Drop the pictures and extract exactly the lines from the one that contains "Wells Fargo is" through the end of the material.

=== Section Start ===

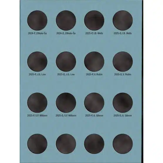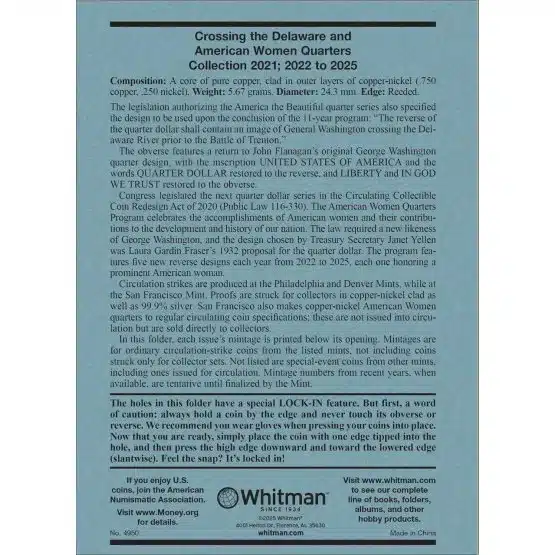 Introducing the American Women Quarters Folder with beautifully crafted openings from 2021 to 2025. This exclusive folder celebrates the achievements and contributions of remarkable American women throughout history. Add the American Women Quarters Folder 2021-2025 to your collection today!
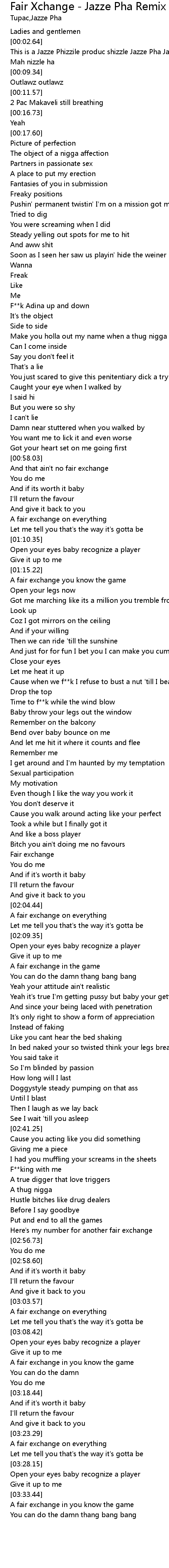 | [02:19.96] | Yeah it's true I'm getting pussy but baby your gettin' dick |
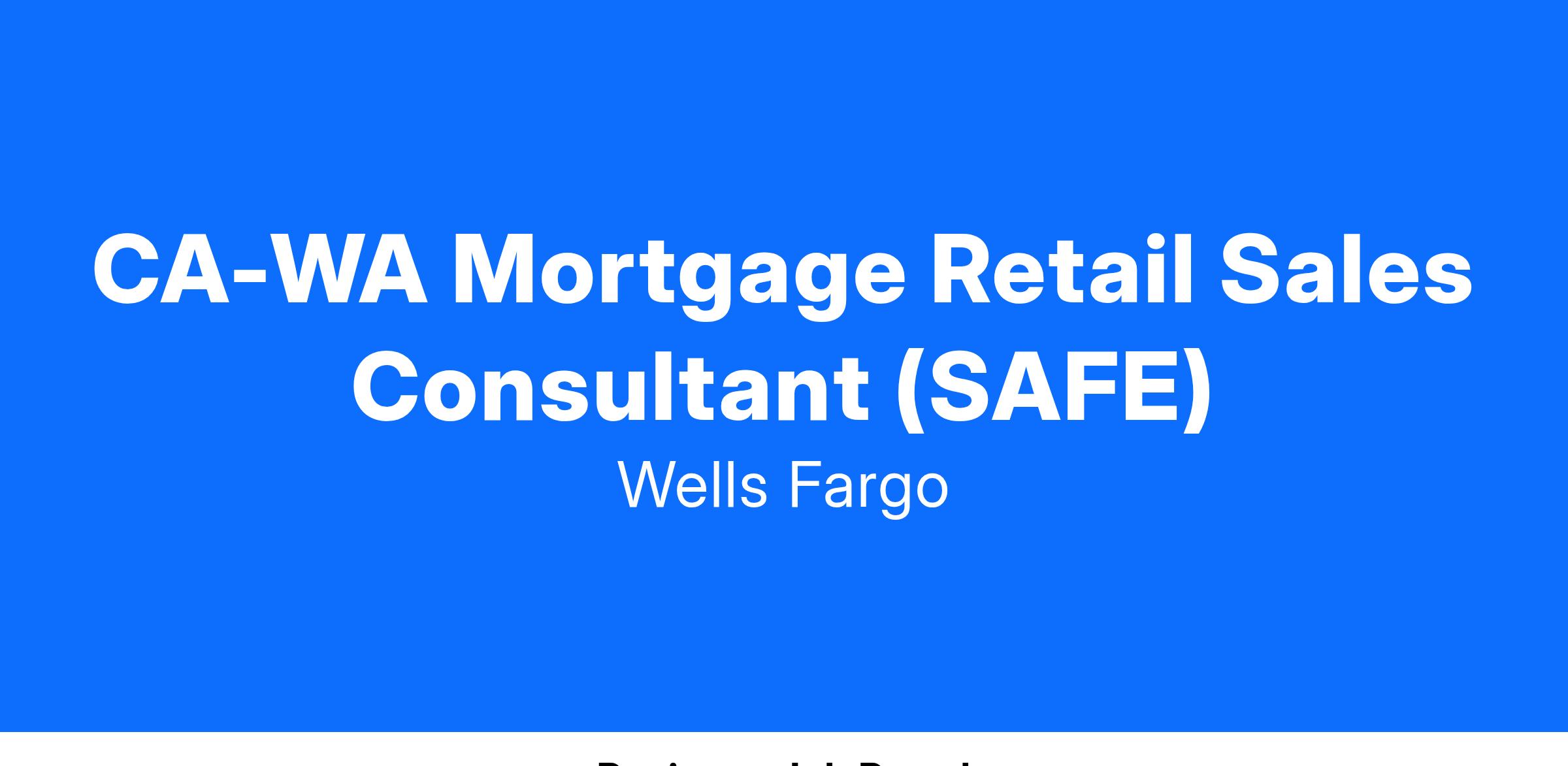 Wells Fargo is seeking an CA-WA Mortgage Retail Sales Consultant (SAFE) in Consumer Lending as part of Home Lending. Learn more about our career areas and lines of business at wellsfargojobs.com.
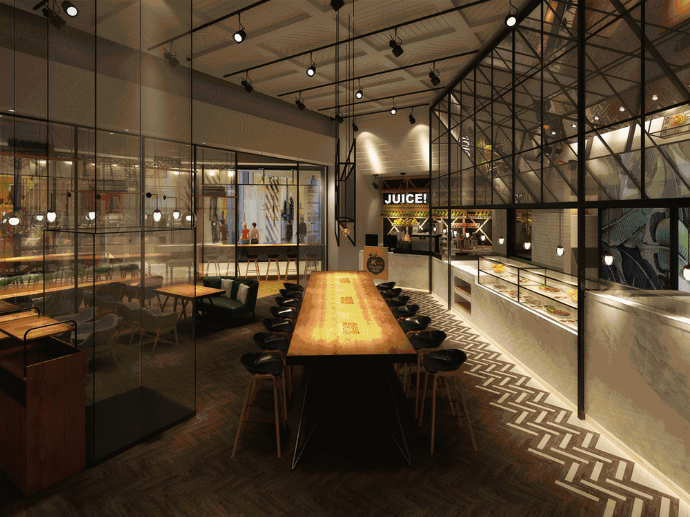 肯德基是红色的西式快餐风格; K PRO是绿色的工业简装风,更像个咖啡馆或西餐厅。
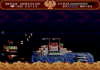 Steel Empire, developed by Hot-B, was one of the titles to break away from these themes, instead taking place in a steampunk setting. The world design is inspired by the works of Jules Verne, as well as classic anime like Mirai Shounen Conan. Most flying vessels are either biplanes or dirigibles; many enemies are steam-powered trains. In the year 18XX, most of the world is dominated by an empire called the Motorheads. The only free nation left is the Republic of Silverhead, who sends a lone pilot to destroy the Motorhead forces. The menu screens present the story as if it were a displayed via an old projector, with flickering, sepia toned images. The ending take the scenario a few steps further, by listing fake credits as if it were a movie, based on a non-existent book by a non-existent author, purportedly written in the early 19th century. It does get a little bizarre by the final stage, which sends the ships into outer space, with the final battle being fought on the surface of the moon.
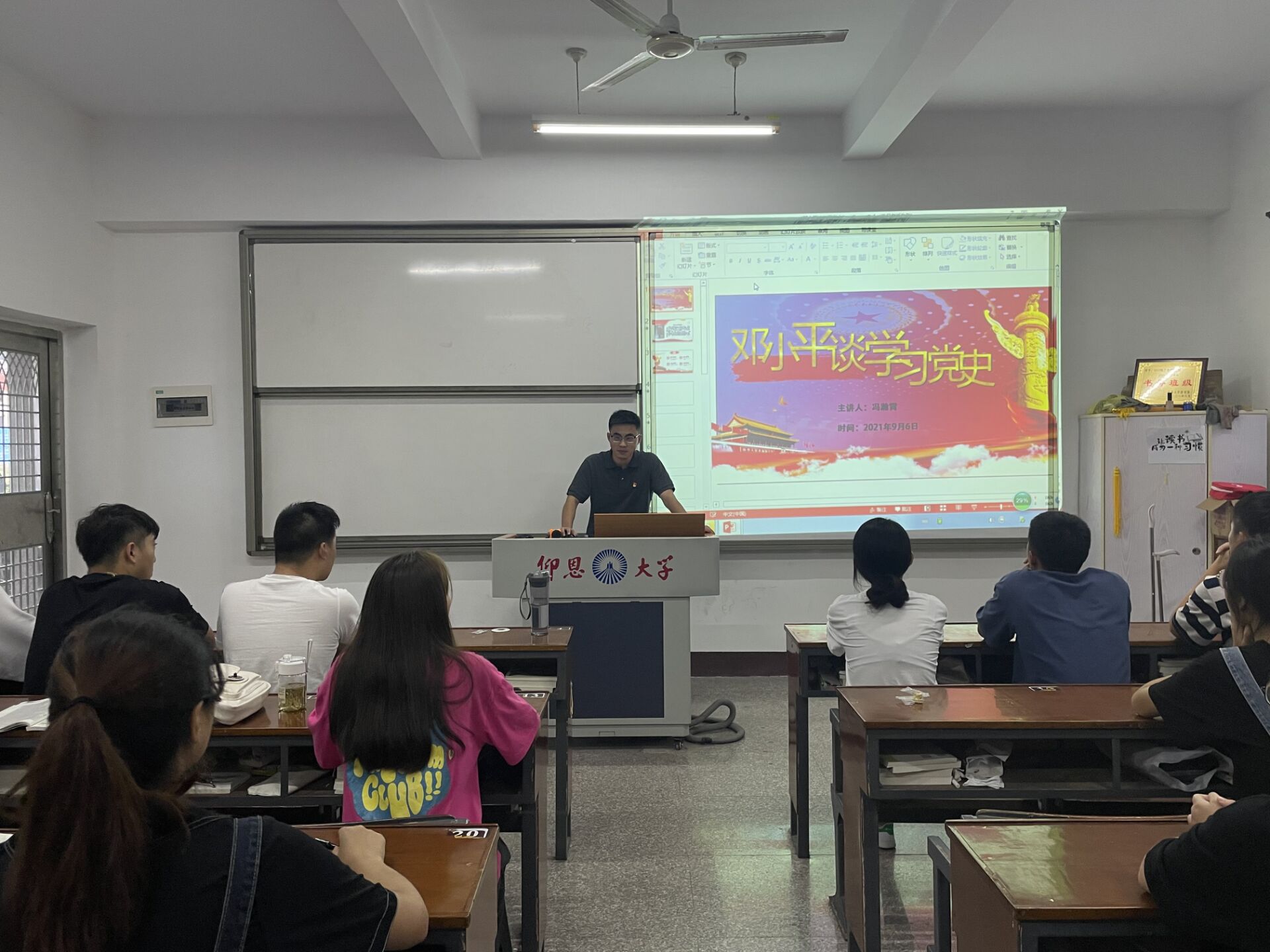 为深入学习宣传贯彻习近平总书记“七一”重要讲话精神,工商管理系学生党支部于09月06日下午在永利集团3044第一教学区共和楼213,支部书记冯瀚霄以“邓小平谈学习党史”为主题,讲授了一堂主题鲜明、深刻生动的党史学习教育专题党课。

=== Section End ===

▶ _Solution below_
 Wells Fargo is seeking an CA-WA Mortgage Retail Sales Consultant (SAFE) in Consumer Lending as part of Home Lending. Learn more about our career areas and lines of business at wellsfargojobs.com.
 肯德基是红色的西式快餐风格; K PRO是绿色的工业简装风,更像个咖啡馆或西餐厅。
 Steel Empire, developed by Hot-B, was one of the titles to break away from these themes, instead taking place in a steampunk setting. The world design is inspired by the works of Jules Verne, as well as classic anime like Mirai Shounen Conan. Most flying vessels are either biplanes or dirigibles; many enemies are steam-powered trains. In the year 18XX, most of the world is dominated by an empire called the Motorheads. The only free nation left is the Republic of Silverhead, who sends a lone pilot to destroy the Motorhead forces. The menu screens present the story as if it were a displayed via an old projector, with flickering, sepia toned images. The ending take the scenario a few steps further, by listing fake credits as if it were a movie, based on a non-existent book by a non-existent author, purportedly written in the early 19th century. It does get a little bizarre by the final stage, which sends the ships into outer space, with the final battle being fought on the surface of the moon.
 为深入学习宣传贯彻习近平总书记“七一”重要讲话精神,工商管理系学生党支部于09月06日下午在永利集团3044第一教学区共和楼213,支部书记冯瀚霄以“邓小平谈学习党史”为主题,讲授了一堂主题鲜明、深刻生动的党史学习教育专题党课。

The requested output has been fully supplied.